WHAT YOU SHOULD DO -
Give back every record below word for word, with the pictures omitted.

Dataset entries:
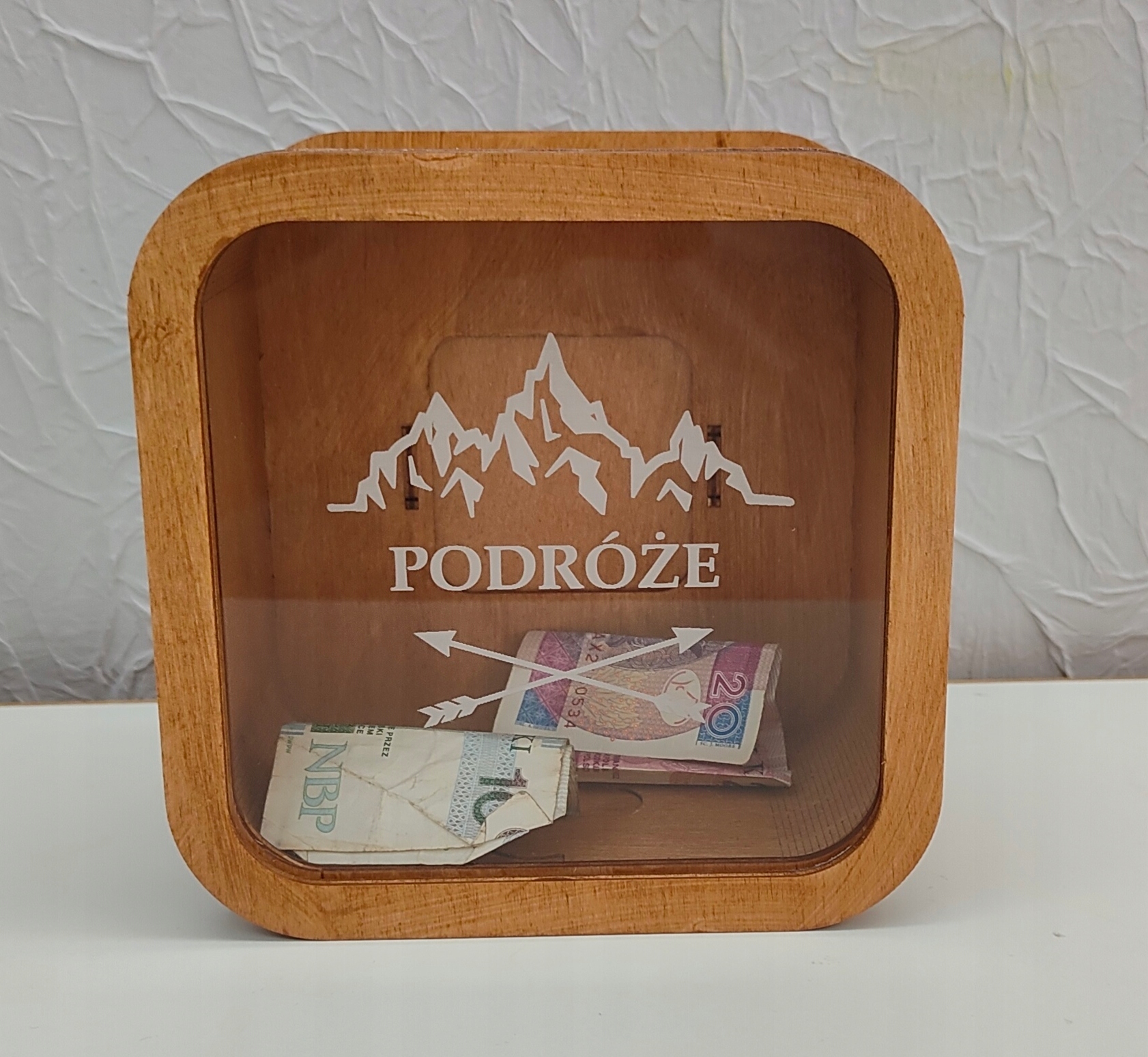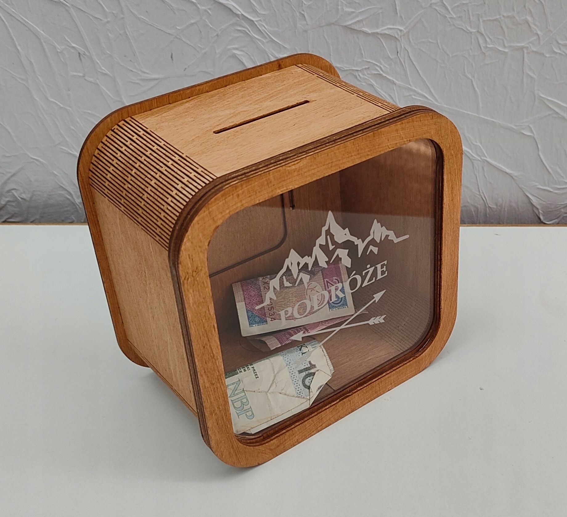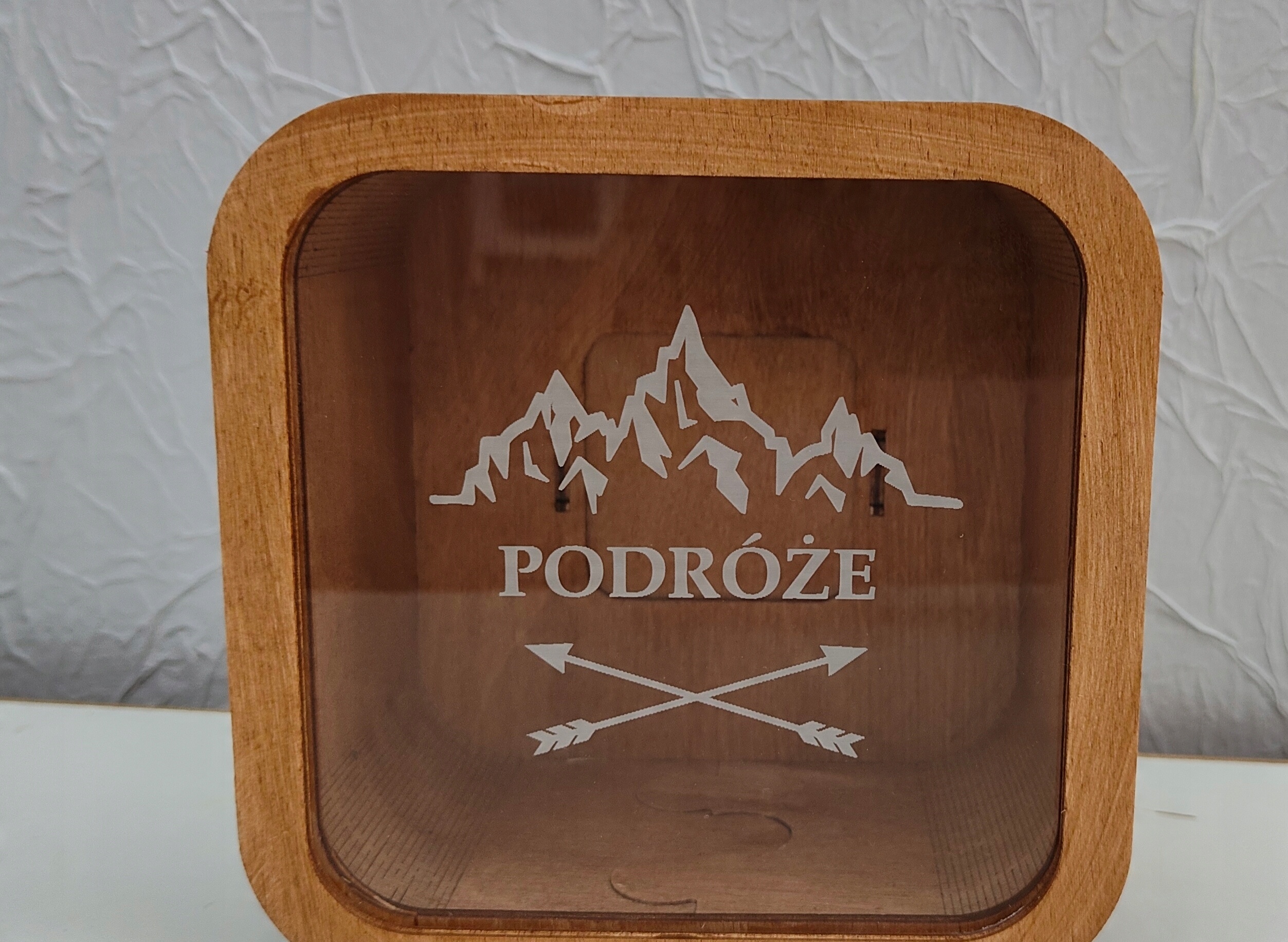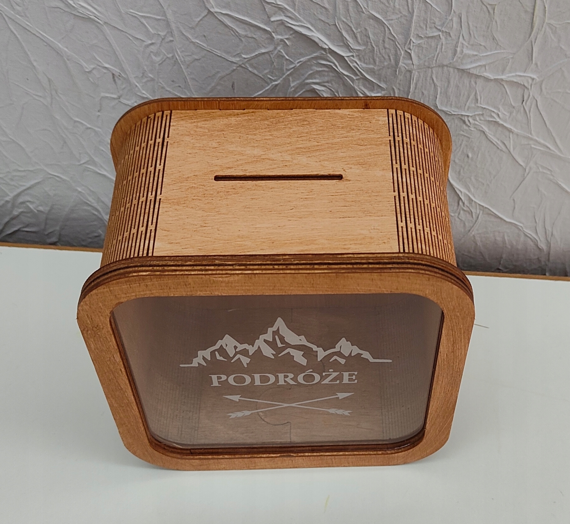 Скарбничка виготовлена з фанери товщиною 3мм з просоченням каштанового кольору. Крім того, він був збагачений литим оргсклом 3 мм. Викарбувано напис, гори. Особливість литого оргскла полягає в тому, що гравірування на ньому виходить майже білим і виглядає так, ніби воно намальоване.
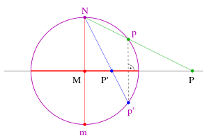 so wird die Spiegelung am Einheitskreis als Abbildung auf der Riemannschen Zahlenkugel durch die gewöhnliche Spiegelung an der Äquatorebene vermittelt (siehe Bild). Dabei wird der Punkt N mit dem Punkt m vertauscht und Kreise durch N gehen in Kreise durch m über. Kreise durch N = \infty entsprechen im ebenen Modell Geraden.
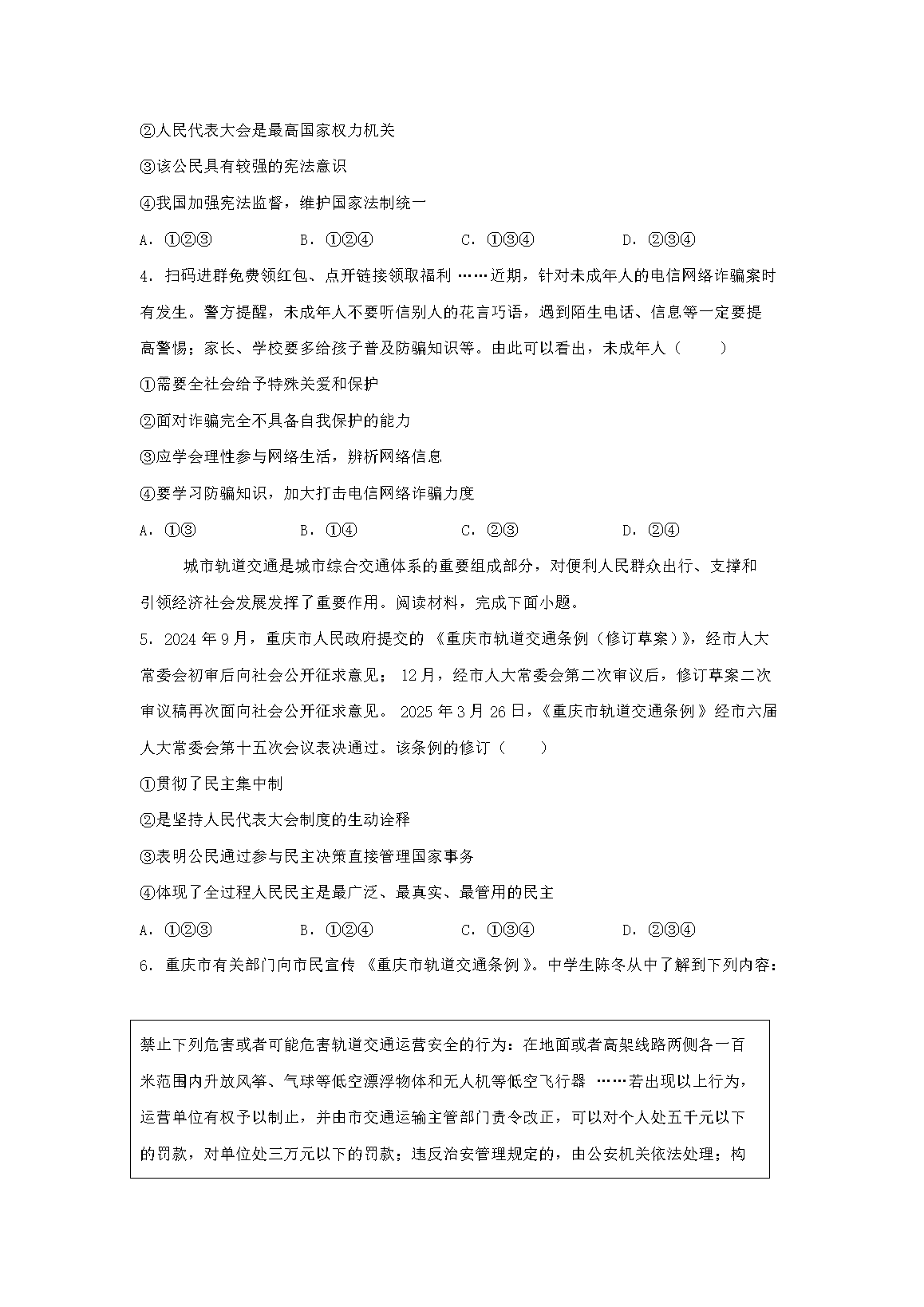 【文檔名稱】 2025年重慶中考道德與法治試題及答案(Word版).doc
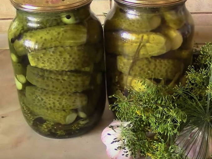 - Krokante ingelegde komkommers met azijn en olie voor de winter
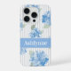 Elegant Blue Hydrangea Sage Green Gray Stripe Name iPhone 15 Pro Case Bring the timeless elegance of a coastal summer into your everyday routine with this delicate hand created art of hydrangea floral with sage green leaves overlaid on a classic gray ticking stripe. Perfectly blending high-end garden aesthetics with a breezy East Coast vibe, this case offers a sophisticated touch to your phone. Customize with a name for a perfect gift! Choose your phone type. Contact the designer with any customization questions. Hydrangea design is original to Cross Fox Design.
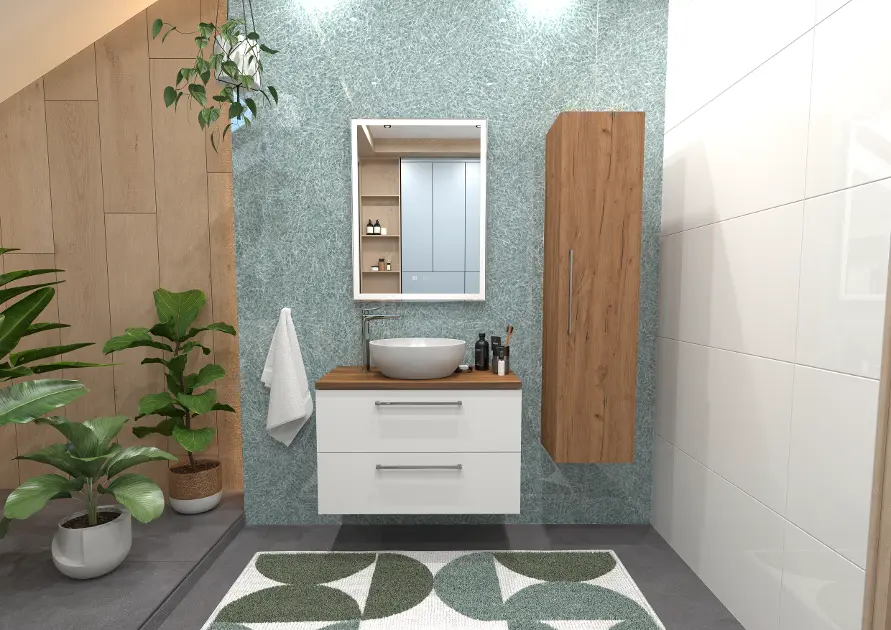 kielle Vega - Dulap bază cu blat inclus, pentru lavoar 80x50x46 cm, alb lucios/stejar auriu
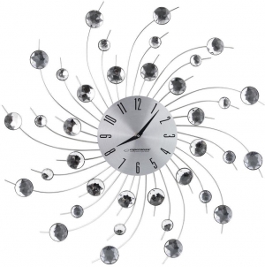 Clock Wall Esperanza GENEVA EHC004 Grey, 50 cm, decorated with diamonds (acrylic glass), Aluminium clock surface, Quiet movement, hook for easy installation, Power: 1x AA battery (not included)
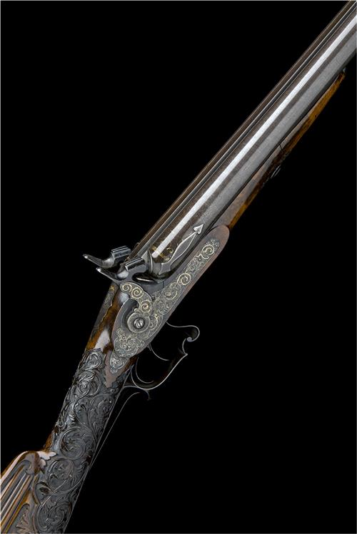 circa 1855, with browned damascus 30 1/2in. barrels, carved arabesques to the sides of breech, scroll engraving to rib-end and traces of gilt scroll-work to the tops of the breech, complex bordered broad top-tang engraved with scrolls and inlaid in gold with a bolting rabbit, complex bordered hump-backed scroll engraved bar-action locks further enhanced with gilt scroll-work (some losses), carved, moulded and engraved hammers, walnut half-stock of 'Lazarino' style with relief carved acanthus scrolls in lieu of chequering at the wrist (age cracks to fore-end and above locks), iron heel-pate with central inlet safety plate marked 'J.H. RENKIN AINE BREVETE No 103', locking button to toe, complex trigger-guard with grip-safe attached to lower tang, the whole scroll engraved with gilt inlays, en-suite ramrod throat, brass tipped ebony ramrod and plain pipes
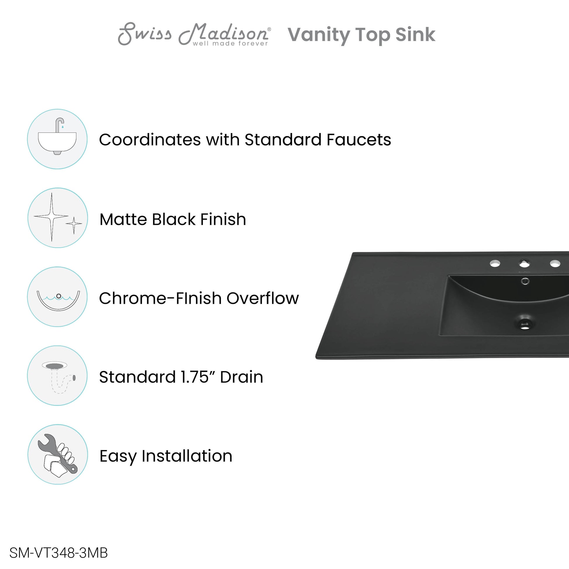 For homeowners and designers seeking a modern bathroom upgrade, the Swiss Madison 48" 3-Hole Widespread Vanity Sink Top in Matte Black delivers a sleek, contemporary aesthetic paired with effortless daily function, transforming your space with European-inspired style.
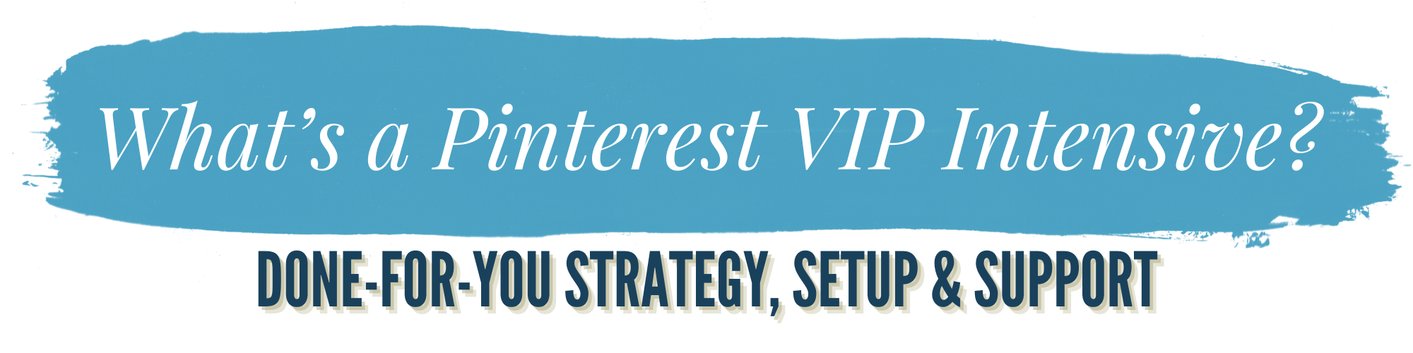 Jump start your Pinterest success with a VIP Intensive, and grow your audience and your leads with a custom Pinterest strategy and an optimised Pinterest setup for you, plus simple workflows that you (or your team) can follow to pin after our VIP Intensive.
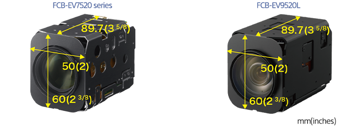 従来機種(FCB-EV7520シリーズ) と同一筐体サイズのため、置き替えが容易に行えます* 。 また、LVDS出力のピンアサインメントについても同等なので、設計工数を大幅に削減できます。
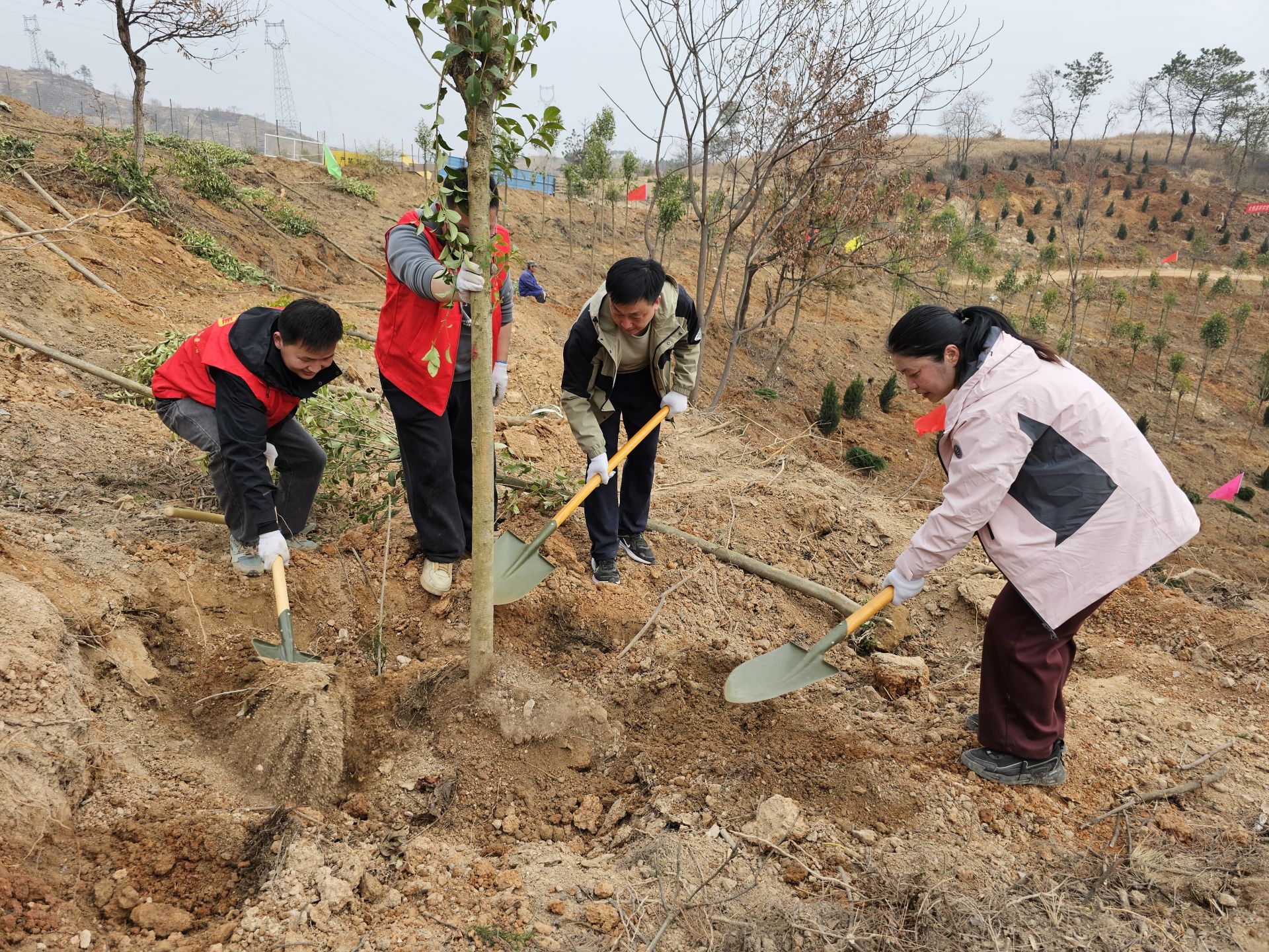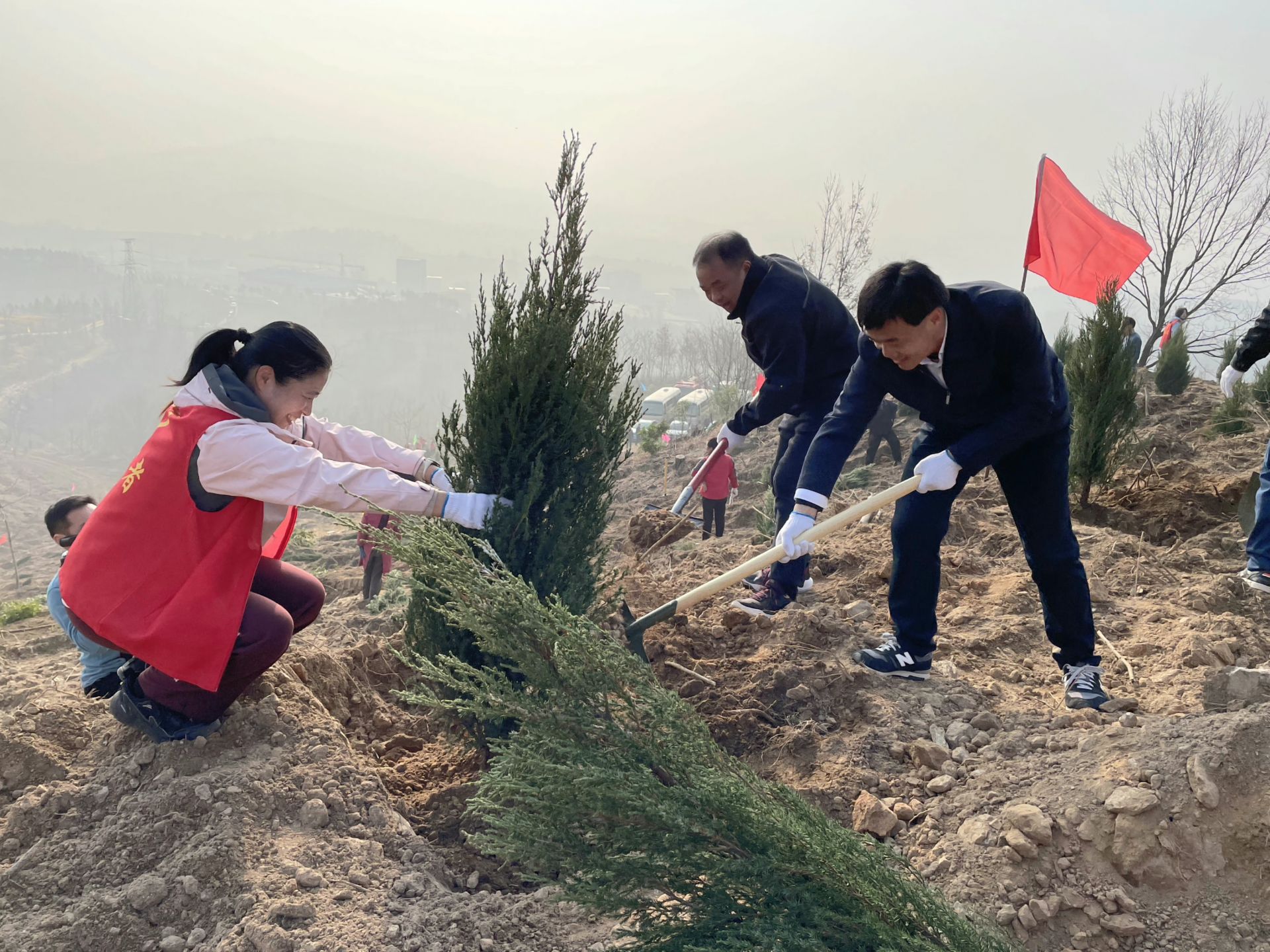 來自全縣各單位各部門的黨員干部和附近群眾組成的3000余名志愿者組成的植樹大軍,熱情高漲,干勁十足,揮鍬鏟土、扶苗填坑、培土澆水,每一個環(huán)節(jié)都一絲不茍,每一個步驟都井然有序。一株株新栽下的樹苗迎風(fēng)挺立,展現(xiàn)出勃勃生機(jī)。

RESPONSE -
 Скарбничка виготовлена з фанери товщиною 3мм з просоченням каштанового кольору. Крім того, він був збагачений литим оргсклом 3 мм. Викарбувано напис, гори. Особливість литого оргскла полягає в тому, що гравірування на ньому виходить майже білим і виглядає так, ніби воно намальоване.
 so wird die Spiegelung am Einheitskreis als Abbildung auf der Riemannschen Zahlenkugel durch die gewöhnliche Spiegelung an der Äquatorebene vermittelt (siehe Bild). Dabei wird der Punkt N mit dem Punkt m vertauscht und Kreise durch N gehen in Kreise durch m über. Kreise durch N = \infty entsprechen im ebenen Modell Geraden.
 【文檔名稱】 2025年重慶中考道德與法治試題及答案(Word版).doc
 - Krokante ingelegde komkommers met azijn en olie voor de winter
 Elegant Blue Hydrangea Sage Green Gray Stripe Name iPhone 15 Pro Case Bring the timeless elegance of a coastal summer into your everyday routine with this delicate hand created art of hydrangea floral with sage green leaves overlaid on a classic gray ticking stripe. Perfectly blending high-end garden aesthetics with a breezy East Coast vibe, this case offers a sophisticated touch to your phone. Customize with a name for a perfect gift! Choose your phone type. Contact the designer with any customization questions. Hydrangea design is original to Cross Fox Design.
 kielle Vega - Dulap bază cu blat inclus, pentru lavoar 80x50x46 cm, alb lucios/stejar auriu
 Clock Wall Esperanza GENEVA EHC004 Grey, 50 cm, decorated with diamonds (acrylic glass), Aluminium clock surface, Quiet movement, hook for easy installation, Power: 1x AA battery (not included)
 circa 1855, with browned damascus 30 1/2in. barrels, carved arabesques to the sides of breech, scroll engraving to rib-end and traces of gilt scroll-work to the tops of the breech, complex bordered broad top-tang engraved with scrolls and inlaid in gold with a bolting rabbit, complex bordered hump-backed scroll engraved bar-action locks further enhanced with gilt scroll-work (some losses), carved, moulded and engraved hammers, walnut half-stock of 'Lazarino' style with relief carved acanthus scrolls in lieu of chequering at the wrist (age cracks to fore-end and above locks), iron heel-pate with central inlet safety plate marked 'J.H. RENKIN AINE BREVETE No 103', locking button to toe, complex trigger-guard with grip-safe attached to lower tang, the whole scroll engraved with gilt inlays, en-suite ramrod throat, brass tipped ebony ramrod and plain pipes
 For homeowners and designers seeking a modern bathroom upgrade, the Swiss Madison 48" 3-Hole Widespread Vanity Sink Top in Matte Black delivers a sleek, contemporary aesthetic paired with effortless daily function, transforming your space with European-inspired style.
 Jump start your Pinterest success with a VIP Intensive, and grow your audience and your leads with a custom Pinterest strategy and an optimised Pinterest setup for you, plus simple workflows that you (or your team) can follow to pin after our VIP Intensive.
 従来機種(FCB-EV7520シリーズ) と同一筐体サイズのため、置き替えが容易に行えます* 。 また、LVDS出力のピンアサインメントについても同等なので、設計工数を大幅に削減できます。
 來自全縣各單位各部門的黨員干部和附近群眾組成的3000余名志愿者組成的植樹大軍,熱情高漲,干勁十足,揮鍬鏟土、扶苗填坑、培土澆水,每一個環(huán)節(jié)都一絲不茍,每一個步驟都井然有序。一株株新栽下的樹苗迎風(fēng)挺立,展現(xiàn)出勃勃生機(jī)。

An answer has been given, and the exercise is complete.